How to marry ambitious proposals for Greater Manchester with the demands of social value and sustainability was at the heart of this wide-ranging debate hosted by BWB Consulting.
The “Making Greater Manchester Greater: Delivering Sustainable Town Centre Rejuvenation, Affordable Placemaking and an Integrated Transport Network” roundtable was an opportunity to discuss the challenges that face the region as it continues its mission to be a good place to live, work, invest and visit.
Aiming to both debate and evaluate “the Greater Manchester challenge” as a whole, the roundtable looked holistically at the needs and symbiotic interdependencies which need delivery in unison to make Greater Manchester greater.
The participants were:
- Colette McKune, ForHousing
- Jon Matthews, Jon Matthews Architects
- Joe McCaul, McCauls
- Andrea George, Bruntwood Works
- Max Bentham, Muse Developments
- Tom Fenton, FEC
- Simon Warburton, Transport for Greater Manchester
- Deborah McLaughlin, consultant
- Graham Sant, BWB Consulting
- George Isles, BWB Consulting
The discussion was chaired by Paul Unger, publisher of Place North West.
BWB is a multi-award-winning engineering and environmental consultancy delivering transformative placemaking, sustainable urban development and world-class transportation solutions. BWB is part of the CAF Group, a global leader in the delivery of transportation and mobility solutions.
Talking points from the roundtable:
Max Bentham: “There is no ‘one size fits all’ approach. If you go to different town centres each has its history, its own merits. We need to get under the skin of that to understand what the right solution is for different town centres.”
Andrea George: “The music to my ears is actually that everybody is talking about community first. In the past everybody was given what every other town centre had.

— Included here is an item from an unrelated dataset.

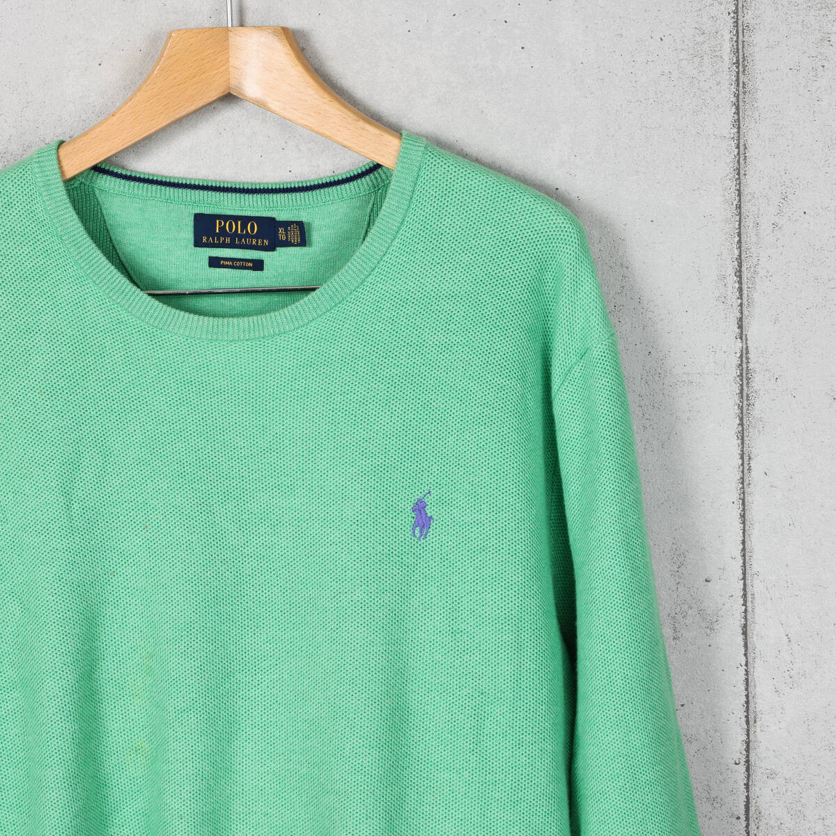 【ブランド】 Polo Ralph Lauren / ポロラルフローレン 【アイテム】 コットン素材 クルーネックセーター 【商品説明】 アメリカで購入しました、ラルフローレンのコットン素材が使用されたクルーネックタイプのセーターになります。 【カラー】 グリーン 【コンディション】 使用に伴う色落ちや擦れなどがあります。 【サイズ】 サイズ:XL 身幅:61cm 肩幅:52cm 着丈:67cm 袖丈:73cm | |||

We’ve spent some time unpicking a town centre understanding who the community is – that data capture is really important to understand the consumer behaviours and why somebody might want to go to that town centre.”
Jon Matthews: “I am seeing a lot of identikit thinking and the worry is that town centres are becoming middle-class playgrounds. The debate should be moving on not from ‘should it be retail-led’ but ‘how do we make it more inclusive’.”
Colette McKune: “The quantum of [housing retrofit] spend within Greater Manchester over the coming 20 years is absolutely huge, and if we don’t really think now about how we’re going to do that, how we’re going to collaborate [then it won’t work].”
Joe McCaul: “If there was a local authority involved and the local authority was able to add value by bringing other sites or maybe down to planning if there was a better route for developers that want to be engaged with affordable housing providers [that would help the development market]. We find sometimes that Section 106 is bogged down with strange rules that just stall things.”
George Isles: “Who owns the land, is it local authority or the developers? How do we release that land for development? How do we remediate it? How do we take the risk away from the developer, which is reducing the amount of affordable housing they can accommodate?”
Deborah McLaughlin: “Who is going to hold a stewardship role for some of our town centres once they are regenerating and check in to see how they are performing and ask ‘what can we do’ rather than wait for them to deteriorate which has happened in the past.”
Graham Sant: “We have talked previously through government about levelling up the North-South divide I often wonder whether or not we should be looking at our own internal divide across Greater Manchester. Some areas clearly need more investment than they get and yet they are not seen as a priority. There needs to be more done to equalise that balance to give investors the attraction.”
Tom Fenton: “A food market is not the silver bullet. Altrincham was on its knees when the market was reinvented. I think there’s a place for it without doubt, but equally landlords need to be flexible and more entrepreneurial in their approach to attracting these businesses, taking a long-term view and a partnership in activating the ground floor and what that does for the wider regeneration.”
Simon Warburton: “We’ve got a public transport system that is dependant on its fare book in order to cover costs and we’ve been hiding that for the time being because there had been temporary pandemic management funds in place.
“We now need quite an extensive period of transition between now the middle of the decade to make sure that we don’t pursue a carbon agenda that is actually socially exclusive.”
Jon Matthews: “Now the money is betting on sustainability and I think that’s the biggest sea change in everything. I think we have got to be careful on retrofit. You have to look at it collectively with a clear conscience and a clear mind and sometimes it doesn’t work, it’s not the answer for everything.”